EDIT SKB 17MAR16 Hi Group,
figured out that I was not calling the correct variable in my loop. I made a handle file outside of the loop to append, but then was using the SeqIO.write function without the handle, so it was writing over the same file with just the last record. Please find the correct script below and thanks for the help!
# this script is used to convert fastq files to fasta files
# then to rename the fasta ID with the sample ID from the lab
from Bio import SeqIO
import sys
# grabbing the file and the name
seq_file = sys.argv[1]
labels = seq_file.split(".")
# converting the file from fastq to fasta
SeqIO.convert(seq_file,"fastq",labels[0]+".fasta","fasta")

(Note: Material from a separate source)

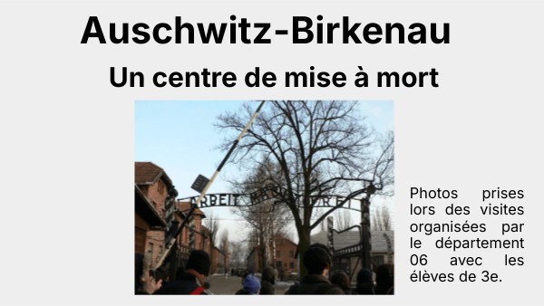 Ce camp est conçu pour que l'extermination des Juifs soit la plus efficace possible. Les Juifs arrivent en train directement à l'intérieur du camp. Ils sont triés dès la descente du train sur la rampe de débarquement. Les chambres à gaz et les fours crématoires sont situés juste au bout de ligne de chemin de fer. Les Juifs n'ont pas beaucoup à marcher pour se rendre dans les installations de mise à mort. Il faut environ deux heures pour tuer 90% des personnes qui arrivent dans un convoi (= un train). Ce génocide a fait plus de 5 millions de morts chez les Juifs et 240 000 morts chez les Tziganes. A cela s'ajoute, 70 000 malades mentaux.

# taking the converted file and then changing the fasta header
handle = open(labels[0]+".fasta","a")
for seq_record in SeqIO.parse(handle,"fasta"):
old_header = seq_record.id
new_header = labels[0]
seq_record.id = new_header + "_" + old_header # renaming the pseudogene with
# the lab id and the referance
# used
seq_record.description = "" # this strips the old header out
SeqIO.write(seq_record, handle,"fasta")
handle.close()
/EDIT
Hi group,
I wrote a script that will take the fastq output from samtools mpileup > vcf2fq and create a fasta file that includes the drops in coverage. When I use this scripted for a bacterial genome it works as expected, however when I use it on a segmented genome it only outputs the last segment in the file. I'm using python3.4 and biopython1.66. Please see my code and troubleshooting below.
# this script is used to convert fastq files to fasta files
# then to rename the fasta ID with the sample ID from the lab
from Bio import SeqIO
import sys
# grabbing the file and the name
seq_file = sys.argv[1]
labels = seq_file.split(".")
# converting the file from fastq to fasta
SeqIO.convert(seq_file,"fastq",labels[0]+".fasta","fasta")
# taking the converted file and then changing the fasta header
handle = open(labels[0]+".fasta","a+")
for seq_record in SeqIO.parse(handle,"fasta"):
old_header = seq_record.id
new_header = labels[0]
seq_record.id = new_header + "_" + old_header # renaming the pseudogene with
# the lab id and the referance
# used
seq_record.description = "" # this strips the old header out
SeqIO.write(seq_record, labels[0]+".fasta","fasta")
handle.close()
I think I have an error when writing the new record. I have been playing with this line:
handle = open(labels[0]+".fasta","a+")
When I have it written like this, It runs without error, I get a multi-fasta output without the header change; however when I have the code written like this:
handle = open(labels[0]+".fasta","rU")
like in the biopython tutorial, I get the output header I want, but only the last record in the file. I'm not sure if or why with the file open in "append" is just skipping the next part of the script. I would appreciate any input be appreciated
Its strange, Ideally, in
"rU"
mode, the file should not be writable. Its strange that you are able to write in"rU"
mode.I think its weird as well, also the universal newline 'U' argument is deprecated in python as well, I'm not sure how much longer it will still be an option.